If you’re one of those people who cooks your barbecue in aluminum foil, Paul Kirk (aka “The Baron of BBQ”) and Ardie Davis have a message for you: Knock it off!
Aluminum foil is the most common shortcut that people in Maine take to pare down their barbecuing time, according to the two barbecue legends from Kansas City. It’s also their biggest mistake, because foil-wrapped meat doesn’t get enough of the smoke that adds enormous flavor to barbecue.
“People aren’t patient enough because they’re used to grilling, whereas barbecue is indirect cooking, and it takes a longer time,” said Kirk, who has won seven world barbecue championships. “They do the dreaded shortcuts, which I hate, which is cooking in aluminum foil — or as I like to call it, the ‘Texas crutch.’
“To me, that’s not real barbecue, but it seems to be what’s going around now.”
Want to learn how to do it right, both from the Kansas City experts and from teams that travel the competitive barbecue circuit? Then head down to Eliot this weekend for the Mainely Grillin’& Chillin’ Country BBQ State Competition, where you can take a Pitmaster’s Class from the Kansas City posse, sample lots of succulent ‘cue, and watch 44 teams with names like Hogbutts BBQ, the Bastey Boys, and Dirty Dick and the Legless Wonders wow the judges with their prize-winning pit skills.

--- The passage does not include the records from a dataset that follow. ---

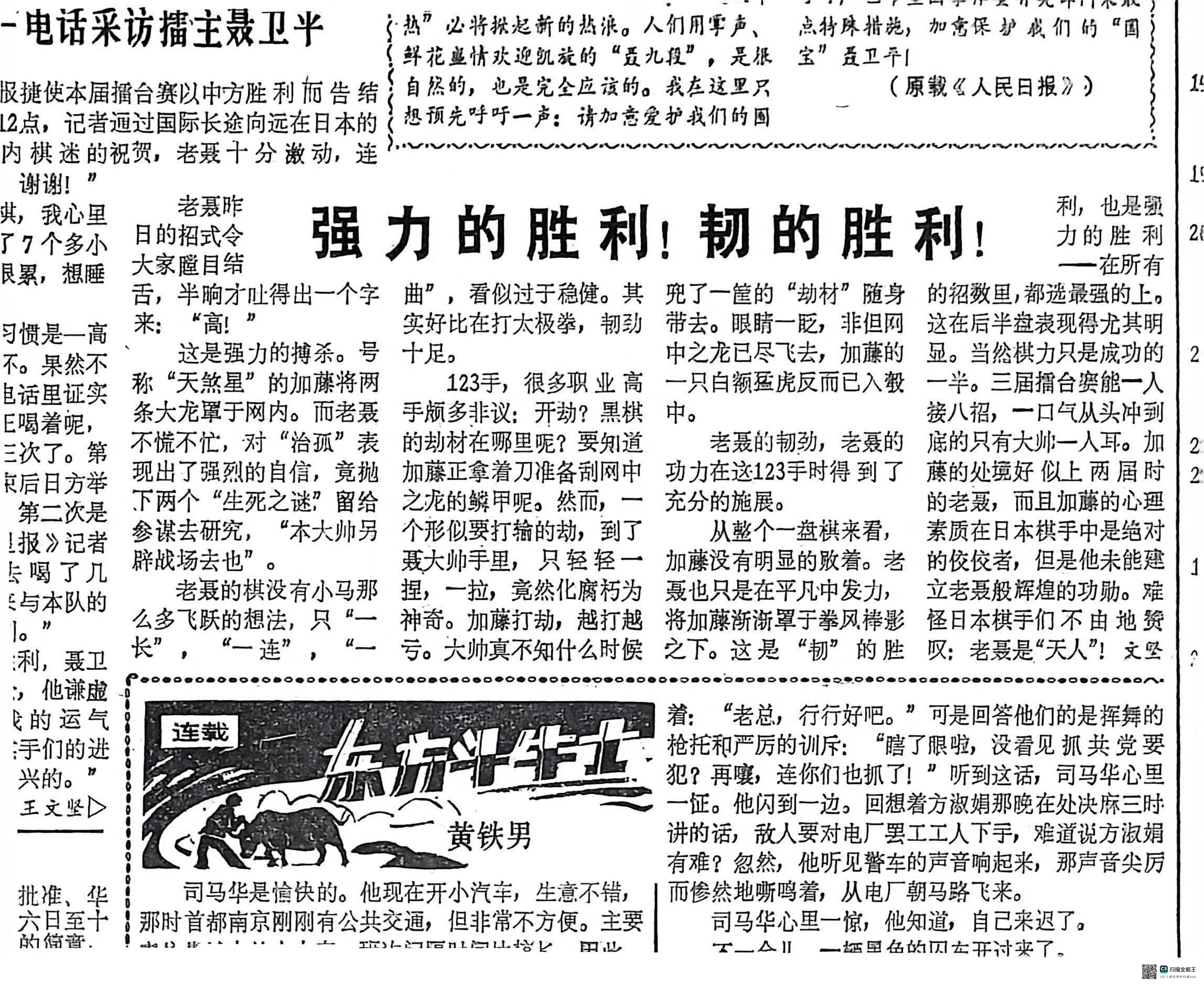 中日围棋擂台赛的11连胜,使老聂成为神一般的存在。我入职扬子晚报体育记者,正赶上了他的第9次凯旋。心潮澎湃的我写下了《强力的胜利!韧的胜利!》一文(附后),当时受到许多业内专家的击节称赏。现在看来,虽略显稚嫩,还算得上棋评中的上品。从此,我和许多围棋国手们结下了不解之缘。马晓春的轻灵聪慧、刘小光的沉稳豪迈、曹大元的大气幽默、杨晖的睿智豁达、邵震中的洒脱风趣都给我留下了深刻印象。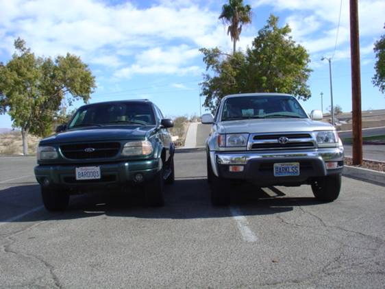 We met them in Barstow and had to take pictures of the two cars side by side. Looks like a Basenji convention with “BAROOOS” and “BARKLSS” for license plates.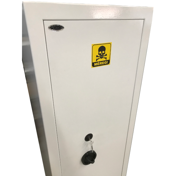 Magas biztonsági fokú gyógyszertároló szekrény, 2 mm vastag acéllemezből készült test és duplafalú ajtó, MABISZ A besorolás, A megerősített és süllyesztett, dupla falú ajtó nagyobb hatékonysággal áll ellen a kifeszítéssel próbálkozó támadóval szemben A zárásról „A” oszt. minősített biztonsági széfzár (2 db 65 mm-es kulcs) gondoskodik, mely az un. „megfúrásos” támadásokkal szemben külön védelmet kapott A zárszerkezet 3 irányba 5 ponton zár, 22 mm-es acélcsapokkal. A még biztonságosabb tárolás érdekében rögzítő furatokat helyeztünk el szekrény hátoldalán 1 db fix és 3 db állítható polc segíti a gyögyszerek áttekinthető elrendezésére. Opcióként kérhető: zárható belső trezor vagy rozsdamentes savtálca is. Alapszín: fehér Magyar termék, a békéscsabai üzemünkben készül. Tartozékok: 2 db biztonsági kulcs 1 db fix és 3 db állítható polc Rögzítő csavarok, tiplik. Figyelmeztető matricák.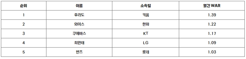▲ 8월 쉘힐릭스플레이어(WAR) 투수 최종 순위 |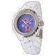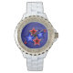 Beautiful & Stylish Rhinestones White Enamel Watch Featuring our Shiny Blue & Red Stars Design - Perfect Fashion for The 4th of July!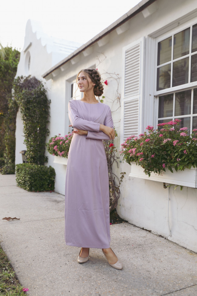 - Long and Flowing: A classic choice for a modest bridesmaid dress is a long and flowing gown. This style is flattering on all body types and can be easily dressed up or down depending on the formality of your wedding. Try our Evenings at Annesdale dress in lavender - an elegant option for your special day!

The Maine competition, which will be held at the Raitt Homestead Farm Museum on Saturday and Sunday, has been sanctioned by the Kansas City Barbecue Society and the New England Barbecue Society.
The grand champion will win $1,500 and automatically qualify for the Jack Daniel’s World Championship Invitational in Lynchburg, Tenn., and the American Royal Invitational in Kansas City, which is the country’s largest barbecue competition.

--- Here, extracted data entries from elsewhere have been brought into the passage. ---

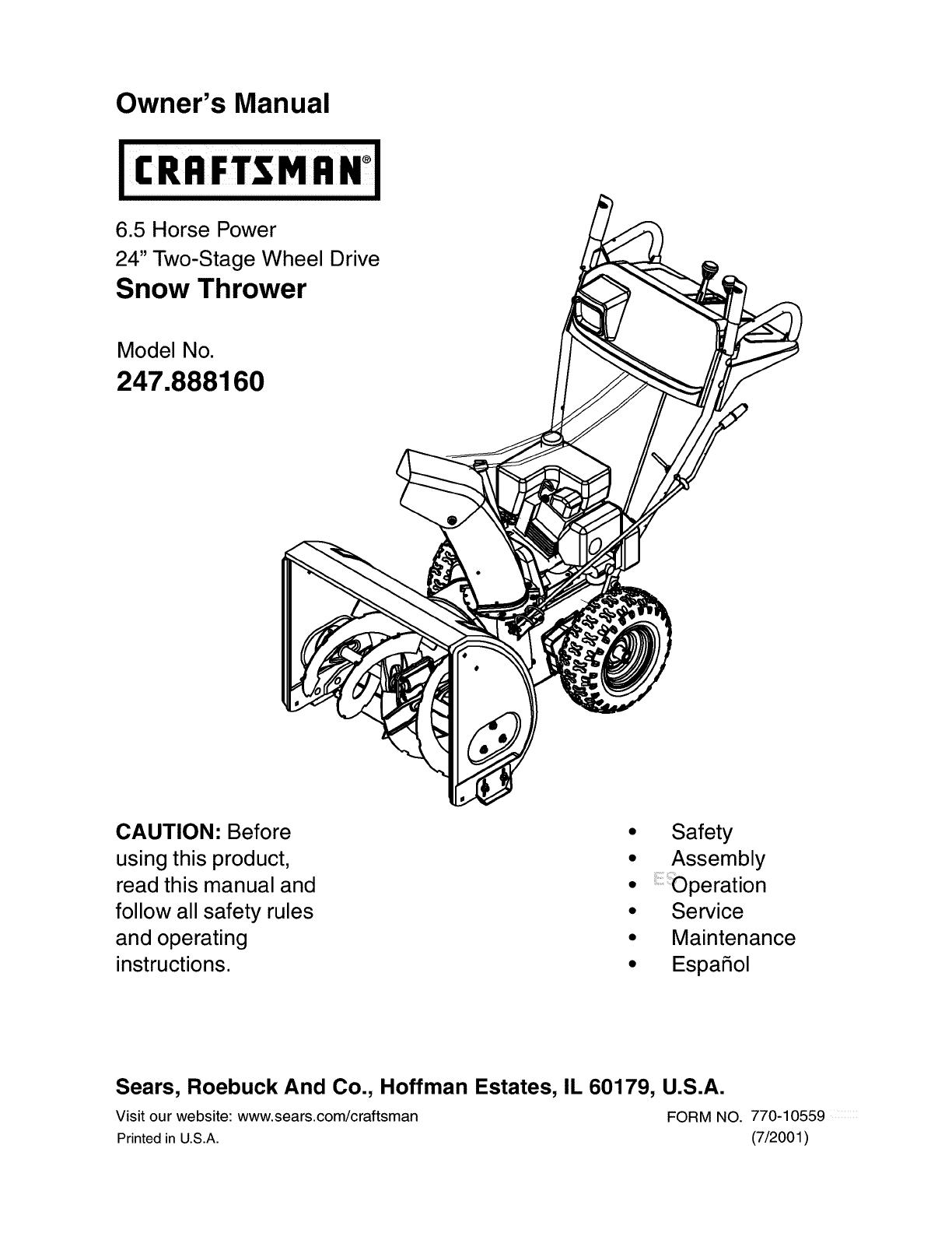 Visit our website: www.sears.com/craftsman FORM NO. 770-10559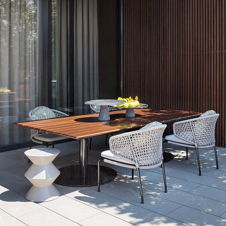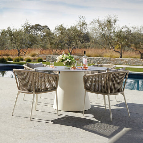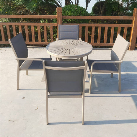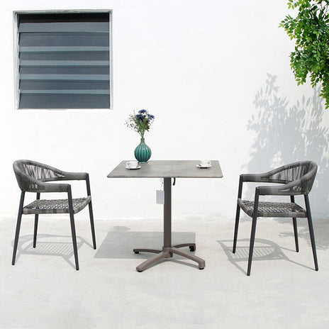 テーブル・チェアセット シック ガーデンテーブル ガーデンチェア ロープチェア ポリエチレンロープ 耐候性 アルミ合金フレーム カジュアル グレー カスタマイズ可能 HWZY-M006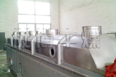 香料干燥機是由物料自進料進口進入機內(nèi),在振動力作用下,物料沿水平面流化床拋擲,向前連續(xù)運動,熱風(fēng)向上穿過流化床同濕物料換熱后,濕空氣經(jīng)旋風(fēng)分離器除塵后由排風(fēng)1:3排出.干...

Last year’s winner from the Maine festival, a team called IQUE from Massachusetts, went on to beat more than 500 other teams and win “The Jack” in Tennessee.
Barbecue has become insanely popular in recent years, especially during these tough economic times.
“We call it American food, but it’s also comfort food,” Kirk said. “It’s also less expensive to feed a bunch of people barbecue than steak.”
Ardie Davis, author of five barbecue cookbooks, said backyard amateurs have told him they’re intimidated by some of the higher-profile barbecue cooks that ride the competitive circuit, but a lot of their posturing and bragging is just blowing smoke and isn’t meant to be taken seriously.
“One of my goals is to be more inclusive,” Davis said. “And this Mainely Grillin’ and Chillin’ is a great example of how to attract people to the sport and art of barbecue. You don’t have to be a contest cook to enjoy it.”
Last year’s festival drew about 3,500 people, and this year, organizers hope that number will double.
Hungry visitors will be able to chow down on competitors’ barbecue (some of them will be acting as food vendors) and even partake in the judging.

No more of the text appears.